Immediately prior to the closing, Thermogas entered into a $183 million loan and
a $135 million operating tank lease financing with Bank of America, N.A., as
Administrative Agent.  Upon the funding of the loan, Thermogas distributed
approximately $123.7 million of the proceeds to Williams Natural Gas Liquids.
The remaining proceeds from the loan remained in Thermogas.  The proceeds from
the operating tank lease of approximately $133.8 million, net of related
financing costs, were distributed to Williams Natural Gas Liquids.  After the
funding of both the loan and the operating tank lease, we purchased all of the
member interests in Thermogas from Williams Natural Gas Liquids in consideration
for the issuance of our senior units representing limited partner interests with
a face value of $175 million.  Subsequent to the issuance, the senior units were
transferred to The Williams Companies, Inc.

     Upon our acquisition of Thermogas, we contributed our interest in Thermogas
to Ferrellgas, L.P., our operating subsidiary.  Ferrellgas, L.P. then assumed
all of Thermogas' obligations under the loan and the operating tank lease. After
the contribution and assumption, Thermogas was merged with and into Ferrellgas,
L.P., with Ferrellgas, L.P. being the surviving entity.  Subsequent to the
acquisition, the cash held by Thermogas was used by Ferrellgas, L.P. to pay down
existing debt and to fund transaction related costs.

     We and Thermogas both have a strong presence in the Midwest and, as a
result, the companies have many overlapping locations.  The following maps
provide a graphical representation of these overlapping locations.

                                       11
<PAGE>

                                     [MAP]


     We are currently implementing our operating plans for the integration of
Thermogas into our existing operations.  We expect to achieve significant cost
savings from duplicative general and administrative costs and duplicative costs
in overlapping retail propane locations. Given the corporate overhead structure
that we have historically utilized in our operations, we estimate that
approximately $22 million of annual general and administrative costs can be
eliminated from the operations of Thermogas based on the twelve month period
ended June 30, 1999. Based on preliminary information and assumptions regarding
the overlapping retail propane locations, we estimate that we will reduce our
operating expenses by approximately $9 million due to the

                                       12
<PAGE>

elimination of duplicative salaries and benefits, plant and supplies,
advertising and selling, maintenance, vehicle and other expenses. We did not
begin implementing these cost savings strategies until the end of the peak
heating season in March 2000 so as not to disrupt operations and customer
service during the winter heating season. As a result, the full effect of the
cost savings should be experienced during our next fiscal year.

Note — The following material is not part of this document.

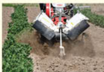
管理機による土寄せ

土寄せの方法は、コギクの株根を切るくらいの位置を目安に、管理機を使って土と追肥した肥料を攪拌(かくはん)し、株元に土を寄せる。管理機がない場合には、鍬を使う。いずれも株元にしっかり土がかかるようにする。

     In addition to the cost savings described above, we expect to generate
additional operating income from our existing transportation management and
propane procurement operations as a result of the added transportation and
propane supply needs of the Thermogas operations. These transportation and
supply management operations have been historically provided to Thermogas by
related parties. In addition, given the significantly warmer than normal
temperatures experienced during the winter months of November 1998 to February
1999, we would have expected an increase in profits during the fiscal year,
assuming normal winter temperatures. Based on temperatures provided by the
American Gas Association, the temperatures for the winter of 1998 were 11%
warmer than normal.

                                       13
<PAGE>

                         LEGAL STRUCTURE AND OWNERSHIP

     Ferrellgas, L.P., a limited partnership subsidiary of ours, accounts for
substantially all of our consolidated assets, sales and operating earnings.
Both we and Ferrellgas, L.P. were formed in April of 1994 as Delaware limited
partnerships as part of an initial public offering in that year.  We are the
sole limited partner of Ferrellgas, L.P. with a 99% limited partner interest.

     Our general partner, Ferrellgas, Inc. performs all of our management
functions.  Ferrellgas, Inc. holds a 1% general partner interest in us and also
owns a 1% general partner interest in Ferrellgas, L.P.

     The following chart depicts our organization and ownership.  The
percentages reflected in the following chart represent approximate ownership
interests.

                                    [CHART]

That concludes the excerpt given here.